┏━━
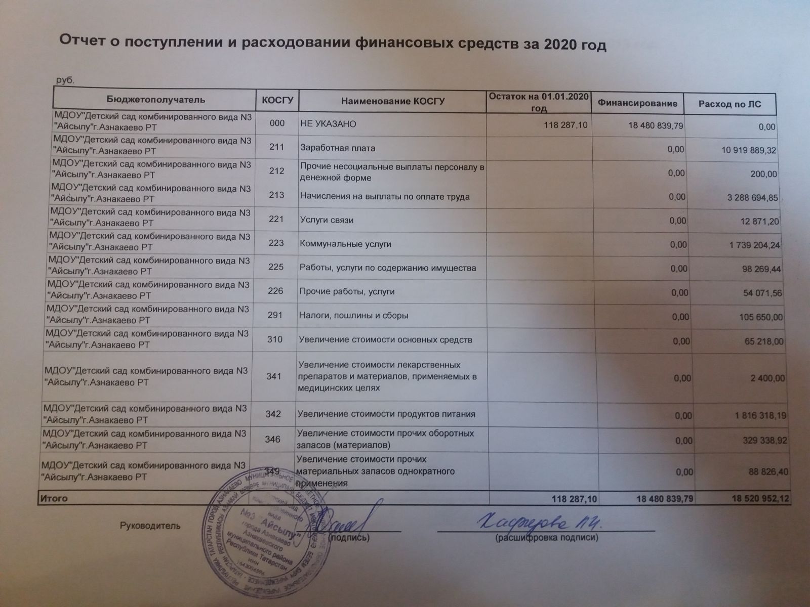 отчет о поступлении и расходовании финансовых средств на 2020 год
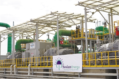 由中國(guó)企業(yè)承建的肯尼亞索西安地?zé)犭娬居谌ツ?月底投產(chǎn)送電,成為非洲首個(gè)從設(shè)計(jì)、產(chǎn)品生產(chǎn)到建設(shè)、調(diào)試完全由中國(guó)企業(yè)獨(dú)立完成的地?zé)岚l(fā)電站。該電站設(shè)計(jì)裝機(jī)容量35兆瓦,每年可減少二氧化碳排放24萬(wàn)噸。圖為索西安地?zé)犭娬?號(hào)發(fā)電機(jī)組。
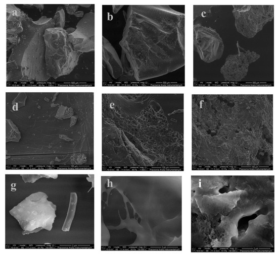 SEM images at 150× magnification of substances: (a) PVA/PS-g-P(AA-co-AM-co-AMPS), (b) PVA/PS-g-P(AA-co-AM), (c) SS-g-P(AA-co-HEMA), 1000× magnification of substances (d) PVA/PS-g-P(AA-co-AM-co-AMPS), (e) PVA/PS-g-P(AA-co-AM), (f) SS-g-P(AA-co-HEMA), 50,000× magnification of substances (g) PVA/PS-g-P(AA-co-AM-co-AMPS), (h) PVA/PS-g-P(AA-co-AM), (i) SS-g-P(AA-co-HEMA).
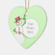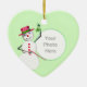 A Christmas heart-shaped photo ornament with a snowman holding mistletoe over your photo! Customisable text at the back says "Merry Christmas".
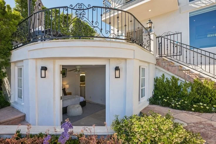 Large modern white house with multiple balconies and large windows, surrounded by lush greenery and palm trees, with a pool and lounge chairs in the backyard.
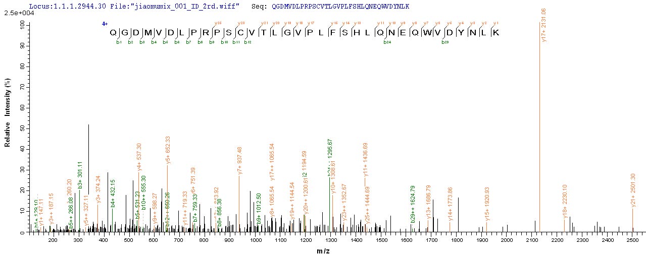 Based on the SEQUEST from database of E.coli host and target protein, the LC-MS/MS Analysis result of CSB-EP005386HU could indicate that this peptide derived from E.coli-expressed Homo sapiens (Human) CHRNA1.
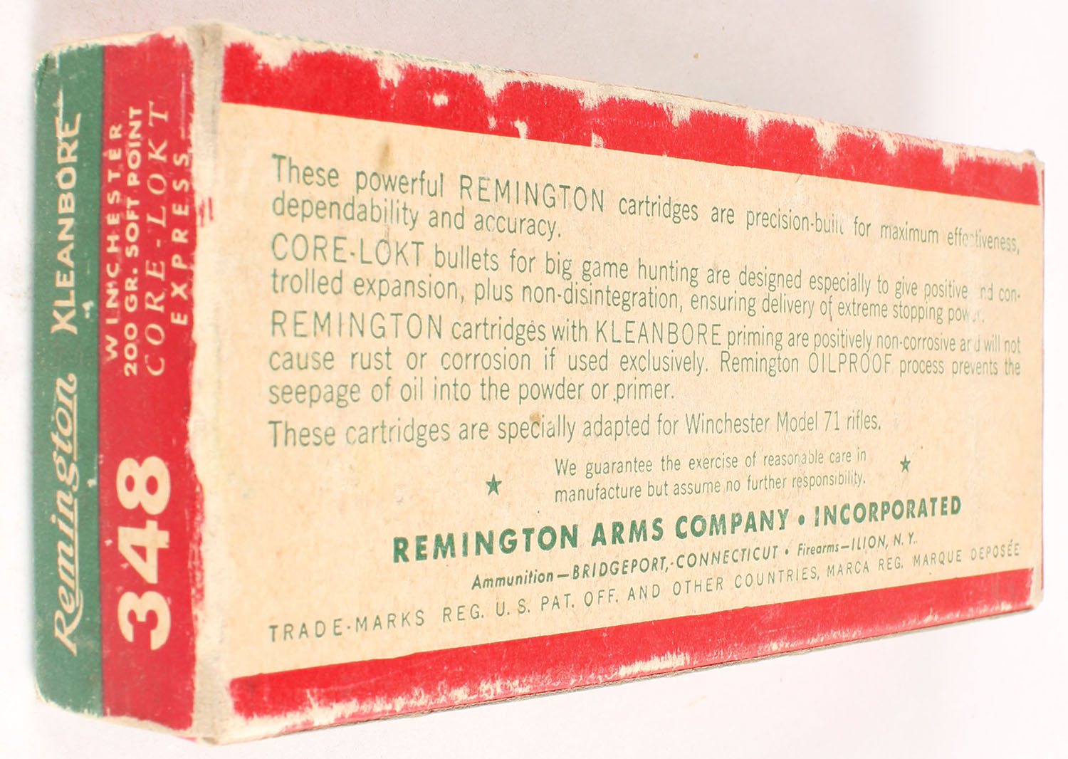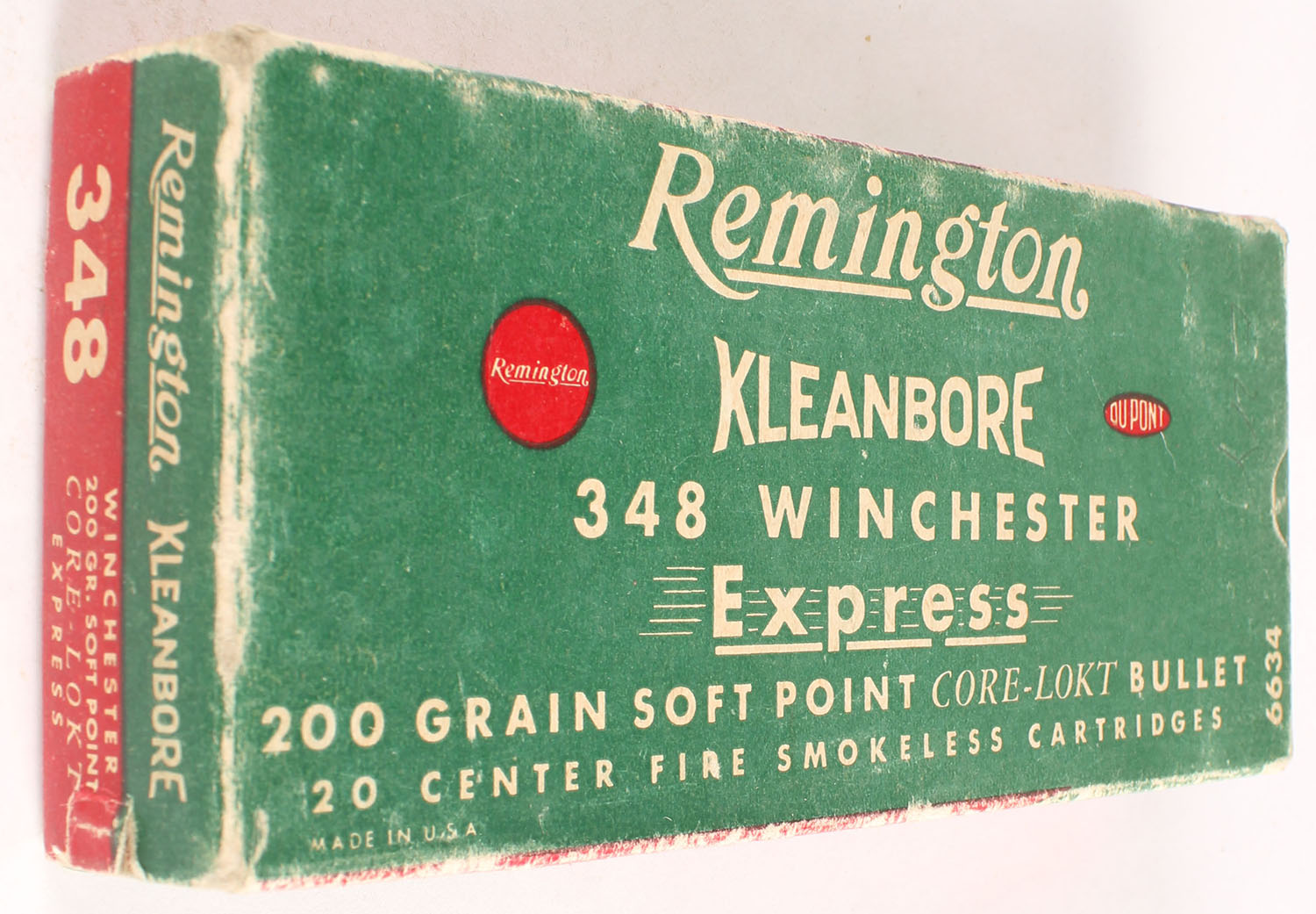 Remington, Kleanbore Express, .348 Winchester, 200 Grain Soft Point Core-Lokt Bullet, Full, 1pc. Green buff & red box, box is solid with very good to excellent color, very minor age soiling & shelf wear, top has been written on, some edge & corner wear, end flaps are solid, ammo is excellent. Grade: Very Good ++ - Value: 40 to 120
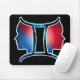 O símbolo da estrela gemini zodiac foi misturado com dois perfis de meninas gêmeas olhando em direção diferente. Mouse Pad para Gemini.
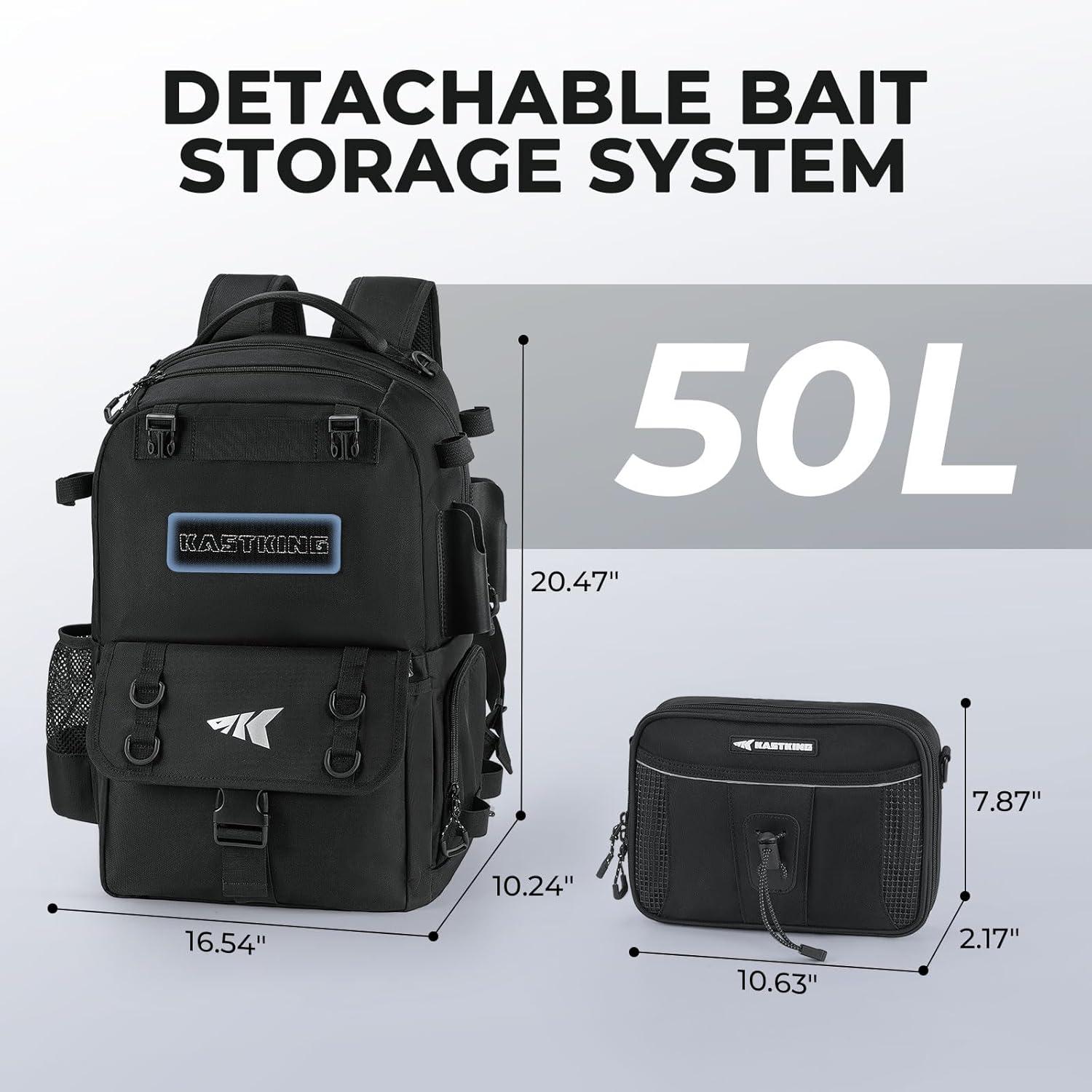 KastKing BaitSpace 50L Fishing Tackle Backpack with Removable Bait Binder,2 Rod Holders Storage Fishing Gear and Equipment(H: Black(without Tackle Box))
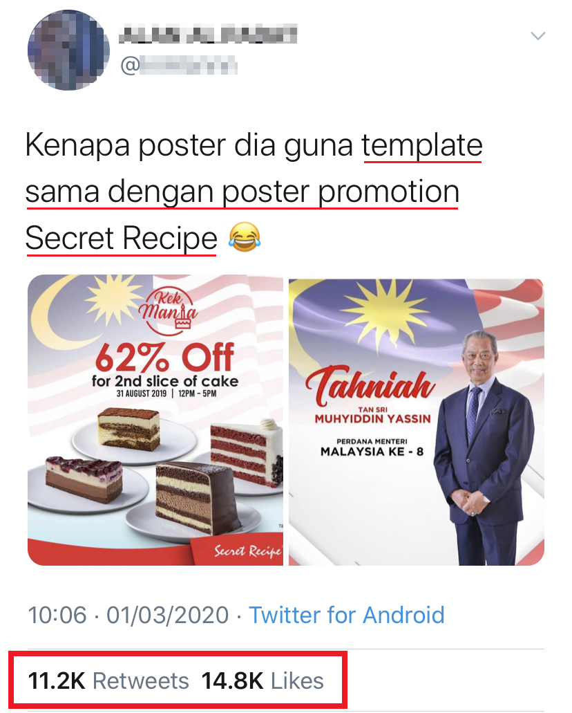 然而,该祝贺图很快的就成了网友们的热门话题。一名大马网友意外发现,这张祝贺图的背景竟然和大马连锁甜品屋 Secret Recipe 的促销图,几乎完全相似!
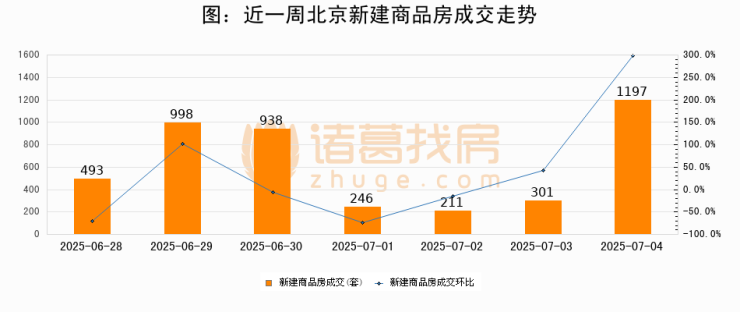 【北京成交日报】07月04日新房成交1197套、二手房444套;涨价房源75套
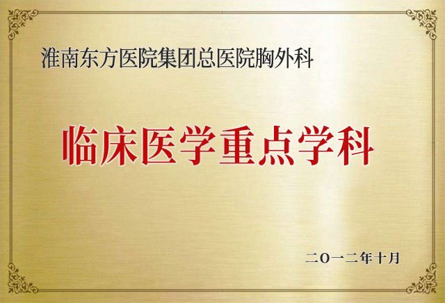 淮南东方医院集团胸心外科医疗中心现拥有总院、肿瘤医院、凤凰医院三个病区,系淮南市临床医学重点学科,拥有床位70张,医生18人(主任医师4人,副主任医师2人),技术力量雄厚,学科发展规范。经过多年的不断发展,在微创肺外科、微创食管外科、心脏大血管外科等方面均处于省内先进,市内领先的水平。2021年获得“安徽省胸外科ERAS区域示范病房”。
┗━━
Reproduce every line above word for word; no images.

 отчет о поступлении и расходовании финансовых средств на 2020 год
 由中國(guó)企業(yè)承建的肯尼亞索西安地?zé)犭娬居谌ツ?月底投產(chǎn)送電,成為非洲首個(gè)從設(shè)計(jì)、產(chǎn)品生產(chǎn)到建設(shè)、調(diào)試完全由中國(guó)企業(yè)獨(dú)立完成的地?zé)岚l(fā)電站。該電站設(shè)計(jì)裝機(jī)容量35兆瓦,每年可減少二氧化碳排放24萬(wàn)噸。圖為索西安地?zé)犭娬?號(hào)發(fā)電機(jī)組。
 SEM images at 150× magnification of substances: (a) PVA/PS-g-P(AA-co-AM-co-AMPS), (b) PVA/PS-g-P(AA-co-AM), (c) SS-g-P(AA-co-HEMA), 1000× magnification of substances (d) PVA/PS-g-P(AA-co-AM-co-AMPS), (e) PVA/PS-g-P(AA-co-AM), (f) SS-g-P(AA-co-HEMA), 50,000× magnification of substances (g) PVA/PS-g-P(AA-co-AM-co-AMPS), (h) PVA/PS-g-P(AA-co-AM), (i) SS-g-P(AA-co-HEMA).
 A Christmas heart-shaped photo ornament with a snowman holding mistletoe over your photo! Customisable text at the back says "Merry Christmas".
 Large modern white house with multiple balconies and large windows, surrounded by lush greenery and palm trees, with a pool and lounge chairs in the backyard.
 Based on the SEQUEST from database of E.coli host and target protein, the LC-MS/MS Analysis result of CSB-EP005386HU could indicate that this peptide derived from E.coli-expressed Homo sapiens (Human) CHRNA1.
 Remington, Kleanbore Express, .348 Winchester, 200 Grain Soft Point Core-Lokt Bullet, Full, 1pc. Green buff & red box, box is solid with very good to excellent color, very minor age soiling & shelf wear, top has been written on, some edge & corner wear, end flaps are solid, ammo is excellent. Grade: Very Good ++ - Value: 40 to 120
 O símbolo da estrela gemini zodiac foi misturado com dois perfis de meninas gêmeas olhando em direção diferente. Mouse Pad para Gemini.
 KastKing BaitSpace 50L Fishing Tackle Backpack with Removable Bait Binder,2 Rod Holders Storage Fishing Gear and Equipment(H: Black(without Tackle Box))
 然而,该祝贺图很快的就成了网友们的热门话题。一名大马网友意外发现,这张祝贺图的背景竟然和大马连锁甜品屋 Secret Recipe 的促销图,几乎完全相似!
 【北京成交日报】07月04日新房成交1197套、二手房444套;涨价房源75套
 淮南东方医院集团胸心外科医疗中心现拥有总院、肿瘤医院、凤凰医院三个病区,系淮南市临床医学重点学科,拥有床位70张,医生18人(主任医师4人,副主任医师2人),技术力量雄厚,学科发展规范。经过多年的不断发展,在微创肺外科、微创食管外科、心脏大血管外科等方面均处于省内先进,市内领先的水平。2021年获得“安徽省胸外科ERAS区域示范病房”。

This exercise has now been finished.